The laparoscopic totally extraperitoneal (TEP) inguinal hernia repair is an example of a procedure that is associated with a steep learning curve and requires mastery of basic laparoscopic skills. In addition, an increased recurrence and complication rates in the early learning curve of this procedure, underscores the importance of adequate training. The current practice of teaching the TEP repair in the operating room under an apprenticeship-based model is associated with increased operative time and costs. We propose that the training of surgical trainees outside the operating room with a structured, mastery oriented simulation-based curriculum will help reduce the learning curve of the TEP repair, improve operative performance, and decrease operative time and costs.

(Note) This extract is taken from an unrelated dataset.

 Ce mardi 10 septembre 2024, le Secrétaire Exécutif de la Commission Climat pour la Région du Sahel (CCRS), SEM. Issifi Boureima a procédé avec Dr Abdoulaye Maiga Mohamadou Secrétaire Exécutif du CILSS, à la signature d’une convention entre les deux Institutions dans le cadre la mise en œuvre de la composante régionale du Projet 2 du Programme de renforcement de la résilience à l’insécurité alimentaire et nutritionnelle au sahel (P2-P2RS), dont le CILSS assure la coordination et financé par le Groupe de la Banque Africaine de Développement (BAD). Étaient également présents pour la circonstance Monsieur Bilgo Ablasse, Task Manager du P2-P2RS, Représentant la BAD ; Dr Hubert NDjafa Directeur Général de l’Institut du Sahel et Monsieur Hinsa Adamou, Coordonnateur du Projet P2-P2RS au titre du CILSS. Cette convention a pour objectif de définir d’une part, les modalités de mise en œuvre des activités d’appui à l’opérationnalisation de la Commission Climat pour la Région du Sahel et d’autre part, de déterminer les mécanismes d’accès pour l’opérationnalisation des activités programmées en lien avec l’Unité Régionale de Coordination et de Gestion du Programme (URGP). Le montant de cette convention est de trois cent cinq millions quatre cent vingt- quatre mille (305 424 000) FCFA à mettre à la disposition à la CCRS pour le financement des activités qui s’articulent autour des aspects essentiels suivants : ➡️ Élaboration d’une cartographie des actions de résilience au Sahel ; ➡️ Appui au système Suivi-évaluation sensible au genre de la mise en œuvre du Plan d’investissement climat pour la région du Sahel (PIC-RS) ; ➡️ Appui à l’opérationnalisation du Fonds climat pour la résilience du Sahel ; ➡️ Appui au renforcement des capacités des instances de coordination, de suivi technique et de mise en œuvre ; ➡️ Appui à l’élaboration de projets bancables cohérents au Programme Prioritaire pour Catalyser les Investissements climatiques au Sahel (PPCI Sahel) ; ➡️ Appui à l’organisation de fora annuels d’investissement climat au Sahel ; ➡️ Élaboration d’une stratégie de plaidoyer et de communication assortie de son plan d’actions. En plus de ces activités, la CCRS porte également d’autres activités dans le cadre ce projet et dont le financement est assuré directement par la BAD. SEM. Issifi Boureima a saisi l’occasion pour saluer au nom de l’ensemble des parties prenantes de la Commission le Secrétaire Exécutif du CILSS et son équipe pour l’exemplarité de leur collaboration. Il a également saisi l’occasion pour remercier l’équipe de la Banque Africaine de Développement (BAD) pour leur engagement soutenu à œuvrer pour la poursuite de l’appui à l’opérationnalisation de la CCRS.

Inguinal hernias are a common ailment of the general population. Their surgical management through a laparoscopic totally extraperitoneal (TEP) approach has been shown to lead to less discomfort and faster recovery than do classic open repairs with equal effectiveness. Nonetheless, the TEP repair has not been adopted widely because of concerns regarding a substantial learning curve. In addition, the current practice of teaching the TEP procedure in the operating room under an apprenticeship-based model is associated with increased operative time and cost. The training of surgeons in laparoscopic skills outside the operating room with simulation-based strategies has emerged as an attractive alternative. Many studies have demonstrated that trainees who practice laparoscopic skills in a simulated environment show improvement of those skills when tested in that same environment. Few studies however, have been able to demonstrate a direct correlation between such simulation training and improved performance in the operating room. It appears from these studies that surgical skills training outside the operating room is beneficial, but the best methods have yet to be identified.

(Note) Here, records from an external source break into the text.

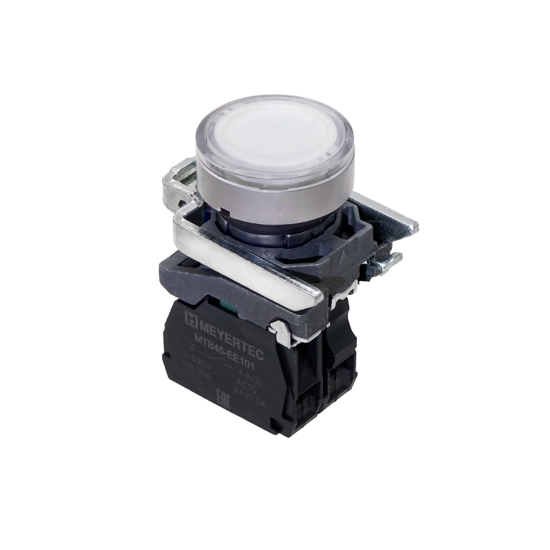 Кнопка белая с подсветкой, 1NO, 24V AC/DC, IP65, металл MTB4-BW31711 | код 137164 | MEYERTEC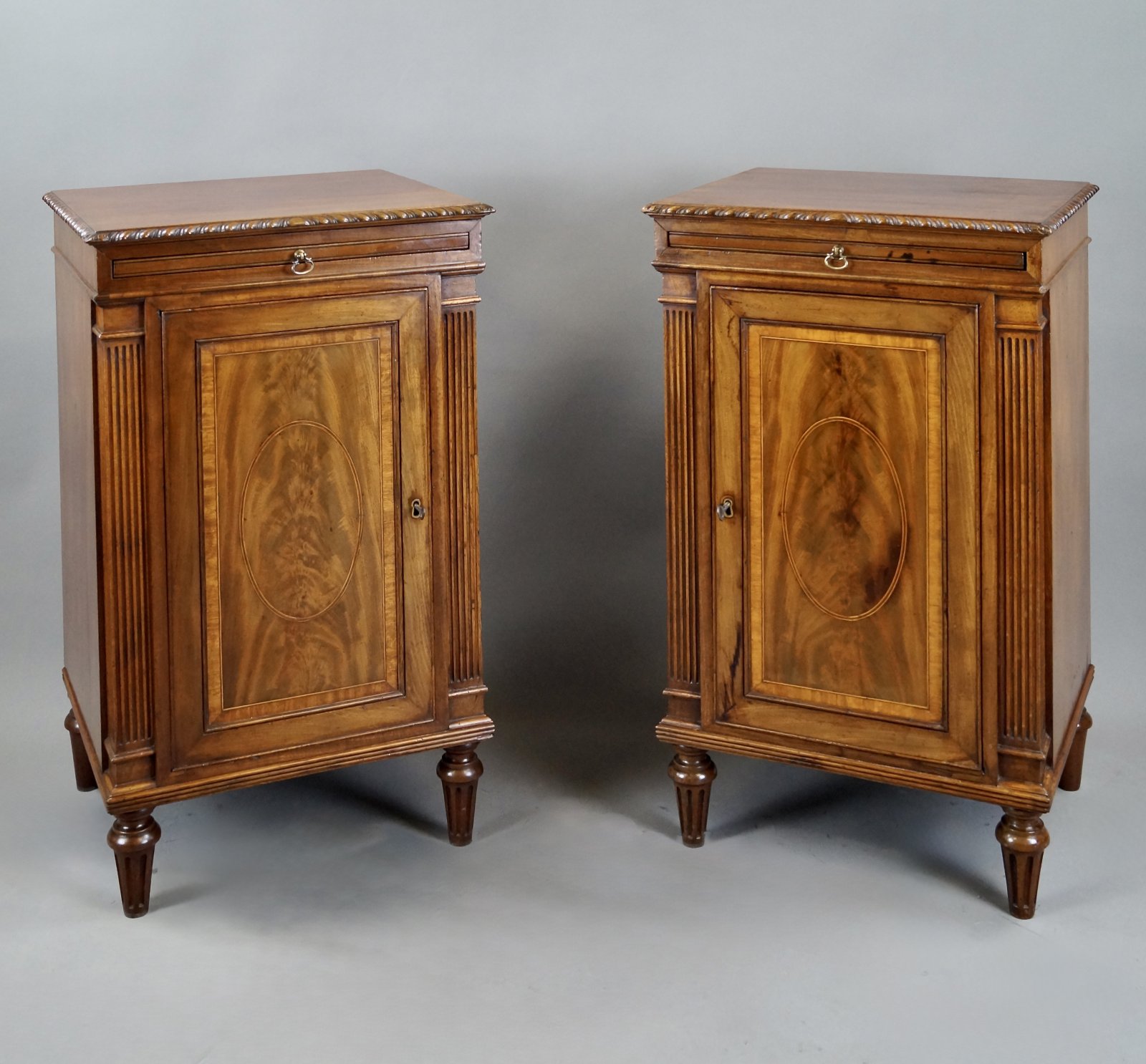 A pair of mahogany bedside cupboards. Raised on turned and fluted feet with cupboards bordered by flat fluted pilasters and with flame mahogany panels with inlaid ovals and satinwood banding. The tops have gadrooned carved molding and brushing slides under. 740mm high, 440mm wide and 390mm deep. English. Circa 1880.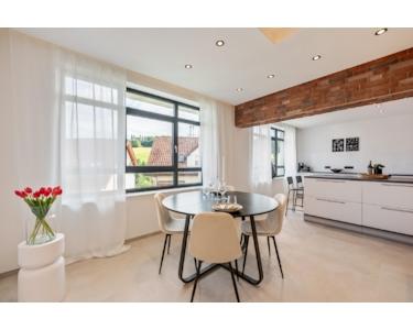 Das Herzstück ist der großzügige Wohn-/Essbereich mit Loft-Charakter, der mit indirekter Beleuchtung, digital gesteuerter Fußbodenheizung und edlen Materialien punktet. Die bodentiefen Panoramafenster eröffnen einen beeindruckenden Blick ins Grüne und lassen den Raum mit Licht durchfluten – echtes Loft-Gefühl inklusive.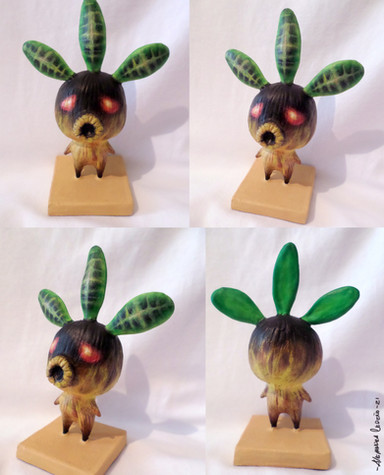 The Deku Butler's missing son is found in a cave beneath Termina's Clock Tower. A harrowing curse cast by an Imp behind a mask has left this unfortunate Scrub permanently trapped in this state.This one took me about two days to work on as well. A friend told me I should make the butler's son next. I sure showed him.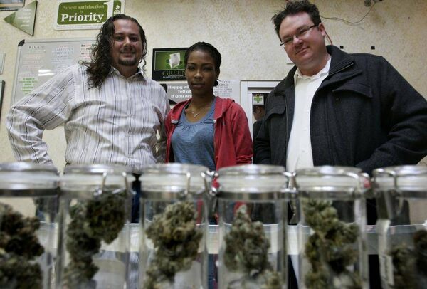 Mr. Valdez, left, Ms. Taylor and Mr. Thicke pose together at the medical marijuana dispensary. The UFCW believes the medical marijuana industry could support jobs across the country, from growers to truck drivers, carpenters and retail clerks.JONATHAN ALCORN/Reuters

Our long-term research goal is to explore and adopt efficient simulation-based strategies to teach and evaluate surgical skills to surgical trainees. Our objective for this study is to design and evaluate a simulation-based curriculum based upon the concepts of mastery learning theory (achievement of pre-specified expert-derived benchmarks without time constraints) and to develop an objective mean of assessing operative performance that will both aid in shortening the learning curve of the TEP inguinal hernia repair for surgical trainees. Our central hypothesis is that the training of surgery residents outside the operative room with simulation-based strategies, such as the TEP mastery learning curriculum will improve operative performance and reduce operative time during the TEP repair. The rationale for this study is that the identification of effective strategies to shorten the learning curve of the TEP repair that translate into decreased operative time will not only increase the adoption of the TEP repair with its inherent benefits to more candidate patients, but will also lead to substantial cost-savings and perhaps improved patient outcomes. We are especially well prepared to complete this study as we are a part of an academic referral center that treats a myriad of inguinal hernias patients and educates hundreds of surgical residents on a continuous basis.

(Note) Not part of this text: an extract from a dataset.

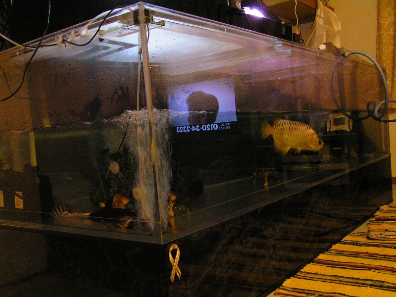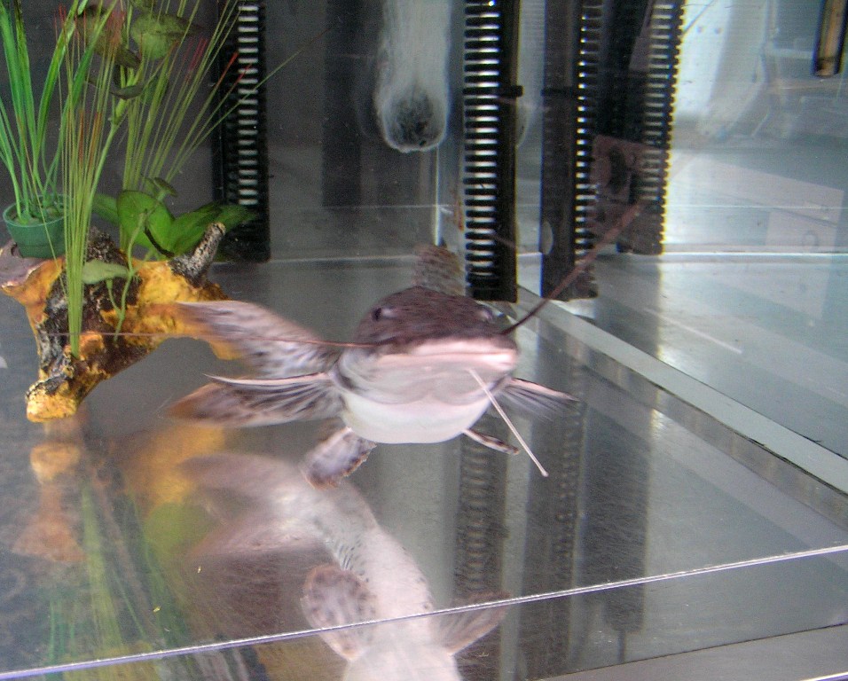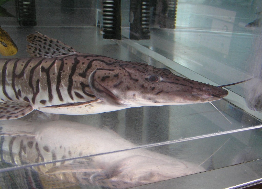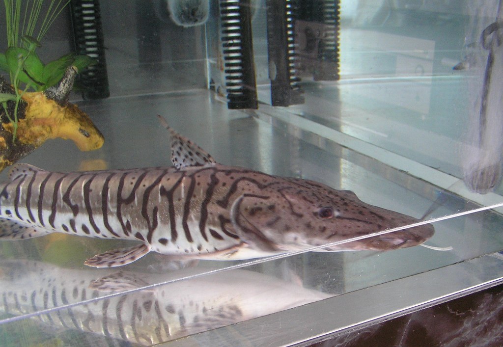 私が水槽前に行くと餌をねだるタイガーショベルノーズドナルド。

SPECIFIC AIM 1: To compare the TEP mastery learning curriculum with the apprenticeship-based model of learning the TEP repair in the operative room on operative time and operative performance of TEP inguinal hernia repairs performed by surgical trainees.
Hypothesis 1a: Surgical trainees who undergo the TEP mastery learning curriculum will achieve lesser mean operative times while performing a TEP inguinal hernia repair when compared to those who followed the apprenticeship-based model.
Hypothesis 1b: Surgical trainees who undergo the TEP mastery learning curriculum will achieve greater mean operative performance scores while performing a TEP inguinal hernia repair when compared to those who followed the apprenticeship-based model.
Compare the rate of TEP inguinal hernia repair post-operative complications, specifically urinary retention for patients operated on by surgical residents who underwent the mastery learning curriculum versus those who underwent the apprenticeship-based model.
This research is innovative because it will challenge the current paradigm of teaching basic laparoscopic skills in the operative room and will strive to link surgical education methods to objective patient level outcomes such as operative time and cost. At the completion of this project, it is our expectation that we will be better prepared to continue our efforts of translating new educational modalities/technologies to improve the delivery of healthcare. Our anticipated findings will have a relevant impact in how we educate the surgeons of tomorrow.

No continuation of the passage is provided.